BLM district manager Shelley Smith speaks for a lot of government experts when she argues that, “the net effect (of any artifact collection or disturbance) is, it all destroys evidence…It’s a chronic problem.” But again, if you know anything about the four corners region, you also know that there are archaeological sites and artifacts practically everywhere you would care to travel. Many towns in southern Utah are built on archeological sites. The only way you could avoid disturbing artifacts or archeological sites would be to force everybody out of the four-corners region—from the Mogollon Rim in Arizona north to Spanish Fork Canyon in Utah—and close it off to the public.

I have to agree with Hawkings on many essential points. Universities and the state do not have nearly enough resources to excavate and evaluate even a fraction of the archaeological sites in the four-corners area, much less display all of their finds for the public. And much of what they don’t get to eventually gets buried or washed away, and so never comes to the attention of people who enjoy such art.  I imagine most craftsmen, even in ancient times, wanted their work to be seen and appreciated.

Reading through reams of comments on my source material—newspaper articles-- I can spot the fault lines of misunderstandings and I want to address them before I get called for something I didn’t write. Nobody is shedding tears for the commercial-scale traffickers who were caught up in this dragnet. But small time operators who were entrapped shouldn’t be treated in the same manner. There were a lot of comments in both papers to the effect, “Expect to do the time if you do the crime,” “If you break the law, you pay the price,” and so on, implying that the law itself is sacrosanct. Really? Tell it to former President Dick “Dick” Cheney and his apparent lackey Bush. Why aren’t they in jail? And then you can move on down the line until you get to local government. Who gets busted depends on whom it is politically expedient to bust, who has access to lawyers and knows how to use them and the budget of the relevant law enforcement agency.
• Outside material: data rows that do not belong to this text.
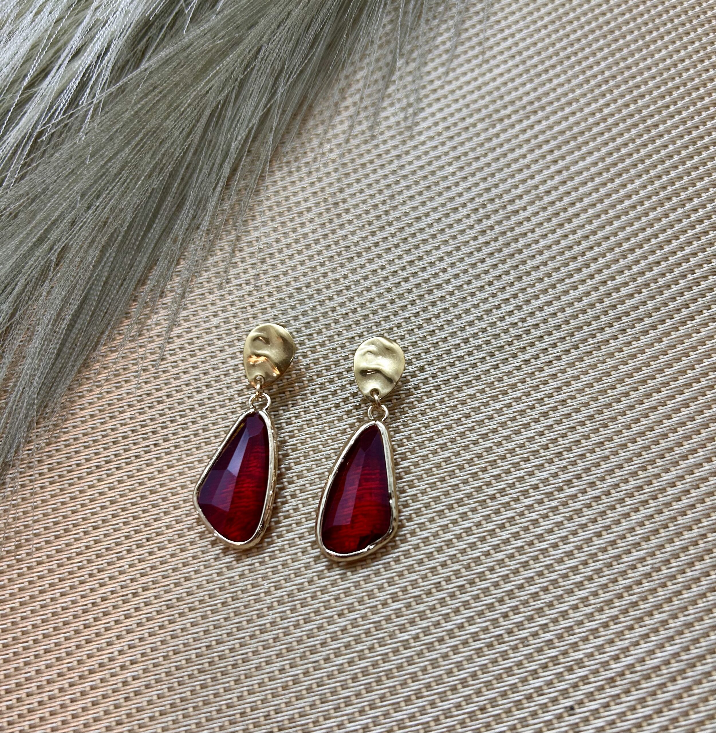 Red crystal bead surrounded by gold plate. Only one available
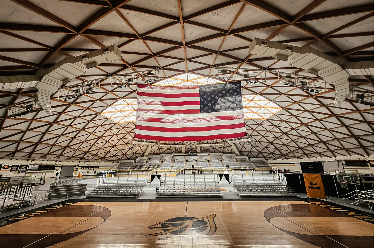 The stadium looks like a giant flying saucer landed in the middle of horse and cattle country. It’s a massive wooden-dome stadium that can seat 5,500 spectators in bleachers away from the elements.
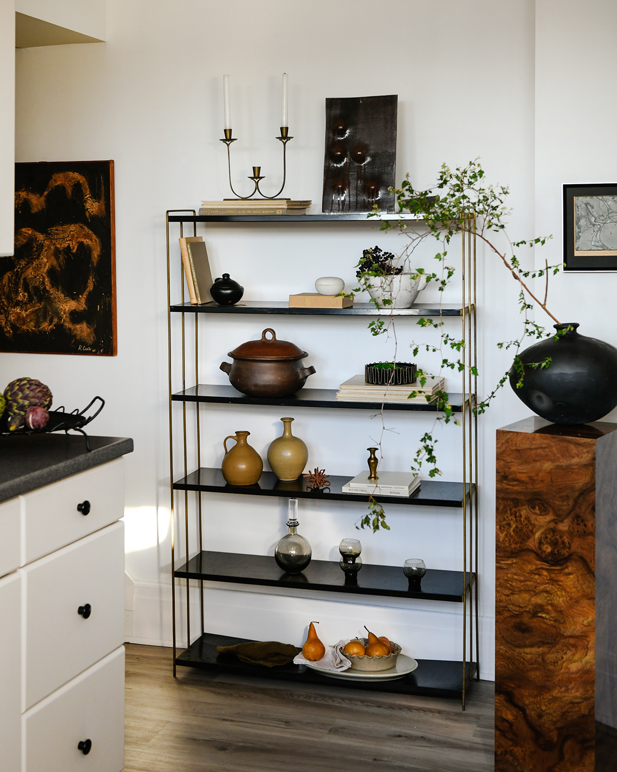 ”I switch it up often,” he says, noting that his kitchen table, bedroom mantel, and dresser get the most styling change-ups. “Mixing it up makes it fun for me, and [I like] taking risks and styling objects that are sometimes weird just because. After all, what’s the point of design if you aren’t having fun, right?”
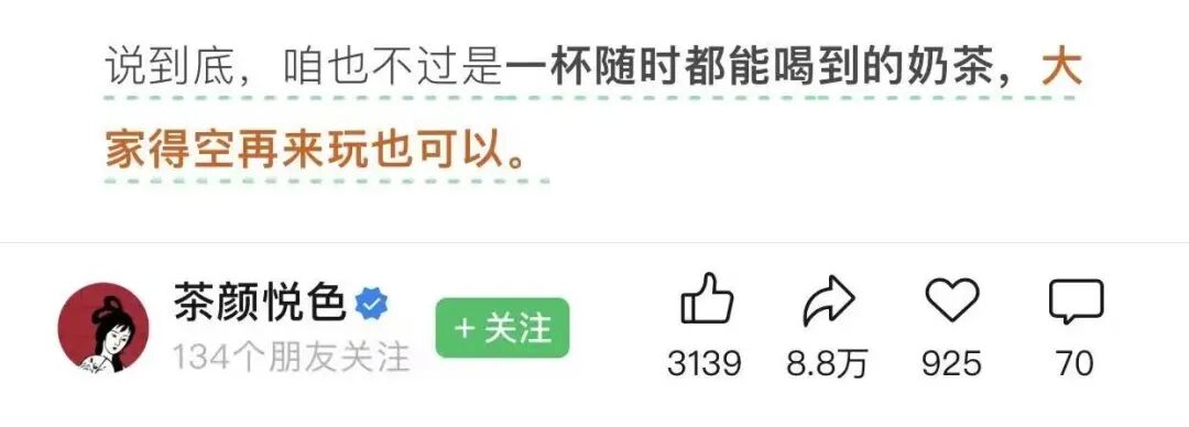 品牌方的态度也很清醒:“说到底,咱也不过是一杯随时都能喝到的奶茶,大家得空再来玩也可以。”

I’m against individuals who own a couple of arrowheads being dragged out of their homes by armed thugs for the same reason I’m against anyone being dragged out of his home by an armed thug for, among other things: having sex with a teenager when you are a teenager, file-sharing, smoking a bowl, gambling, cultivating the poppies growing in your back yard (as long as you don’t live on a plantation), failing to discard expired prescription medications, disparaging a cucumber in Arizona, bowling in public in California, or hunting whales in Utah. Any law on the books is eventually going to be misinterpreted and misapplied, and there are too many laws on the books. Whether we are aware of the myriad, small, insipid laws we are breaking every day or not, most of us are just as criminal as some of the people who have been dragged into the black hole of legal bullshit in Blanding. 

[End of article]
Comment By Larmstrong, 7-21-09

Well put!

Comment By Abraham Arnett, 7-22-09

This really is the most irrational, ill informed thing I've ever read. By that rationale, the DEA creates a drug market by going undercover and buying illegal narcotics from innocent men and women who would have not chosen to traffic illegal drugs otherwise. People who believe in their heart of hearts that breaking the law is okay because they've been doing it for years and no one is getting hurt have absolutely no shame, no common sense and no business living in civilized society.